Inadequate Documentation

makoto_wada_jp · September 15, 2022, 12:25am

I find that CommonVoice documentation is inadequate (incomplete).

I wish the Common Voice > ABOUT had a link to:
- Common Voice Dataset (GitHub)
I also wish each dataset (e.g. English) had the following information:
1. NUMBER OF AUDIO FILES (in clip/)
If NUMBER OF VOICES means number of speakers, then NUMBER OF VOICES should be translated to 話者数 (NUMBER OF SPEAKERS) and not 音声数 (NUMBER OF AUDIO) in the Japanese site:
Presuming Common Voice Dataset (GitHub) is maintained by Mozilla
1. cv-dataset/CHANGELOG.md is not updated. It doesn’t reflect Common Voice Corpus 10.0.
2. Regarding the Fields section
  1. It is missing description on the locale field. I also feel the field name should be language not locale, since it uses values such as ja and yue taken from ISO 639-3 language code standard
  2. It doesn’t describe the fields (sentence_id and reason) that are only present in reported.tsv.
    (not that it is that important … reported.tsv doesn’t have an empty line at the end like other *.tsv files)
  3. There is a misspelling and format in demographic spec which has entry of southatlandtic but in actuality should be south_atlantic (adhereing to other entries there which are in snake case convention)
3. What is the relationship between each of the .tsv files since validated.tsv (Count = 1,589,008) != train.tsv + dev.tsv + test.tsv (Count = 954,094). I believe the relationship between the clip/ and *.tsv should be documented, like the following which seems to be true.
  - audio in clip/ folder seems to be validated.tsv + invalidated.tsv + other.tsv
  - validated.tsv & invalidated.tsv & other.tsv are mutually exclusive

File	Count ※
dev.tsv	16,345
invalidated.tsv	248,337
other.tsv	293,021
reported.tsv	4,169
test.tsv	16,345
train.tsv	921,404
validated.tsv	1,589,008

※ doesn’t inlcude header line in the count

bozden · September 16, 2022, 12:04am

Hi @makoto_wada_jp, I hope I can give some pointers.

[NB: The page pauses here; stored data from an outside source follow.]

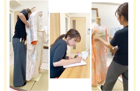 他装(振袖)コースの生徒様の練習風景、「命」の補整、長襦袢、そして着物裾合わ…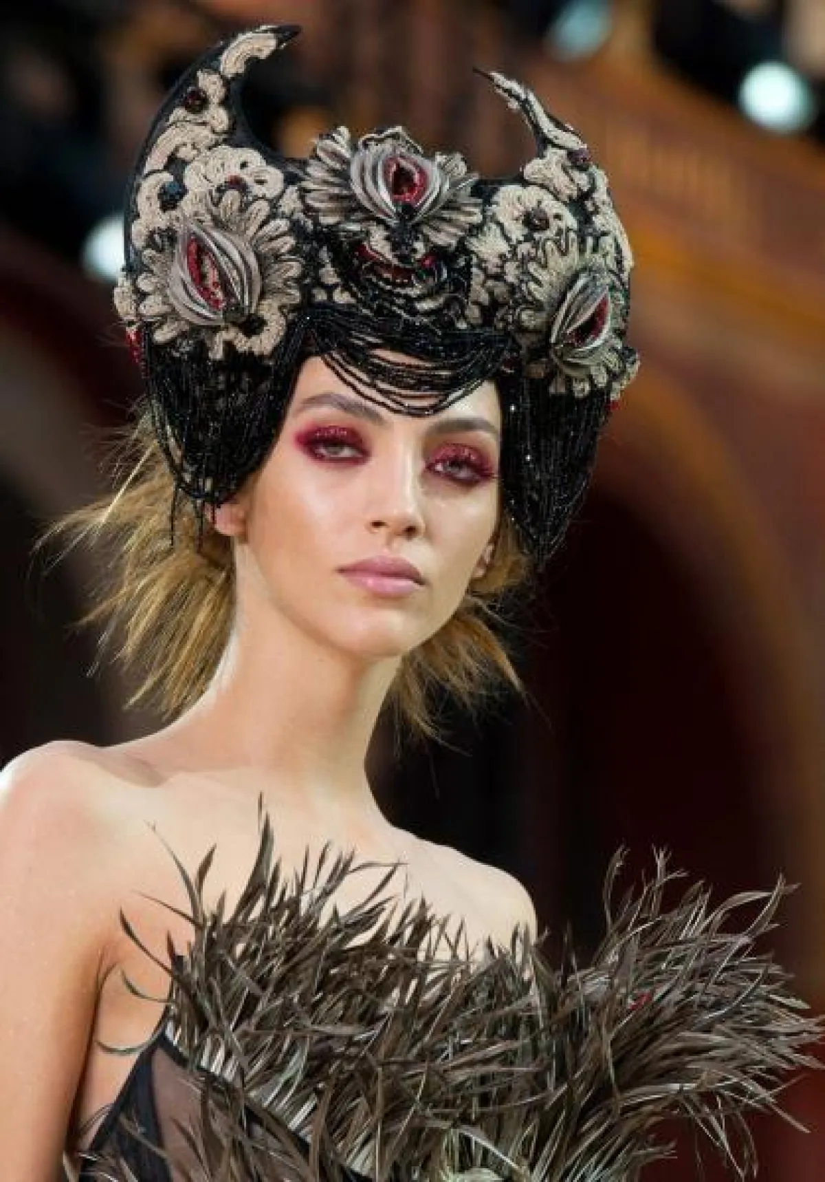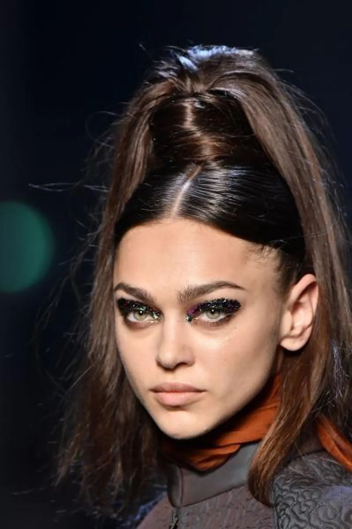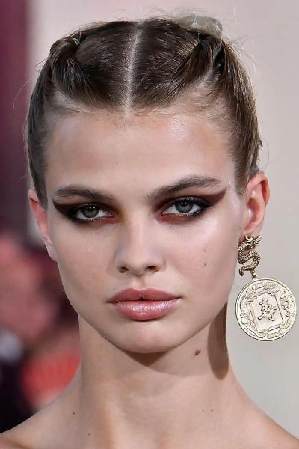 اعتمدي مكياج العيون السموكي مع خطوط الآيلاينر المجنّحة والظلال الداكنة والبرّاقة لنظرات ساحرة، كما اعتمدتها ديور Dior، جون بول غولتييه Jean Paul Gaultier، إيلي صعب Elie Saab وفالنتينو Valentino. ولشفتيكِ، اختاري الورديّ البرّاق أو البيج الفاتح التي تتناغم بشدّة مع مكياج العيون الداكن والكثيف.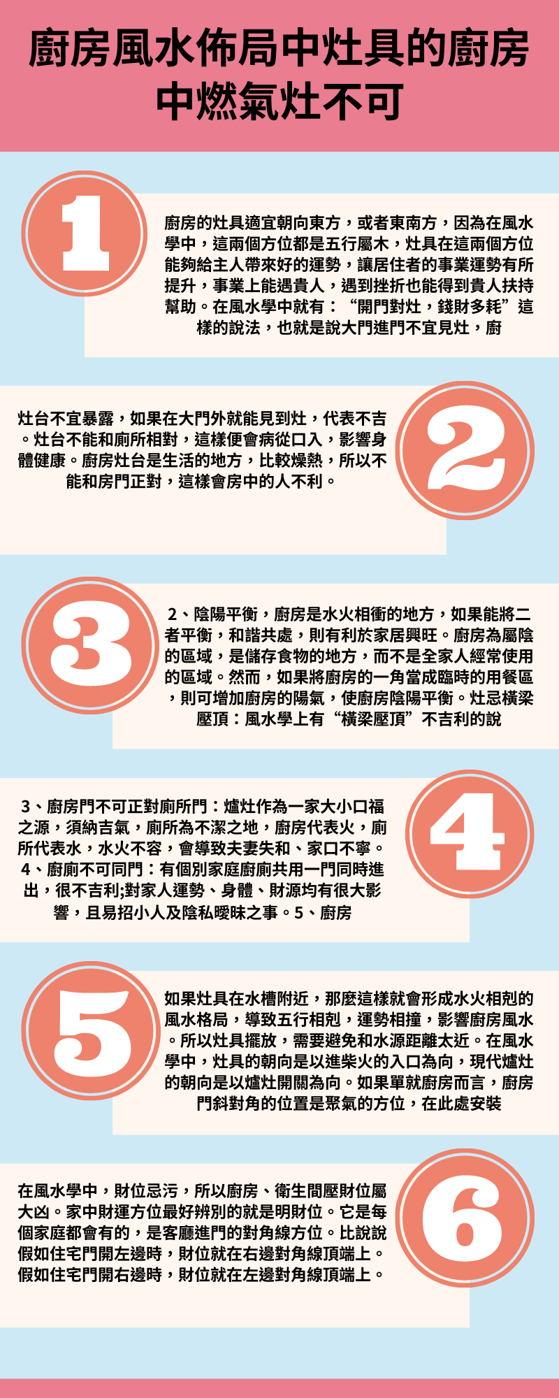 廚房灶台是生活地方,熱,所以不能和房門,這樣會房中人。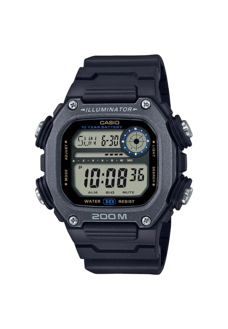 Glass: MineralCase Material: ResinCase Color: BlackStrap Material: ResinStrap Color: BlackInternational Warranty: 1 YearMovement: QuartzFunction: Digital, Day-Date Display, AlarmLocal Warranty: 1 Year

The github link exist at the footer on every page… But why not? There can be an entry “how can I contribute to code?”… But I think that page is mainly directed to newcomers, who are thinking to contribute with their voices, that might be the reason.

Yes, those detail are in the metadata repo…

The pages are translated by volunteers, you may like to join Pontoon Common Voice Japanese and suggest the correction. Also, the translations are at 62%, your community will welcome your contribution

Perhaps open an issue on the repo or make a PR for these?

Some info about the clips & splits:

Under the clips directory, there are ALL clips recorded, even rejected ones.
All clips are divided into three categories: validated, invalidated and other. Other includes those not yet validated or invalidated.
The train/dev/test splits are generated from validated with the code in the CorporaCreator repo. It does NOT take the whole dataset and divide it randomly to e.g. 80-10-10% as you might have seen in other projects. There are some rules in effect that limits the training set:
- The sample sizes are calculated via a statistical confidence algorithm
- No sentence can be in more than one set (to prevent sentence bias)
- No voice (identified by client_id) can be in more than one set (to prevent testing with same voice you trained)
- By default, one recording from one voice is included (to prevent voice bias).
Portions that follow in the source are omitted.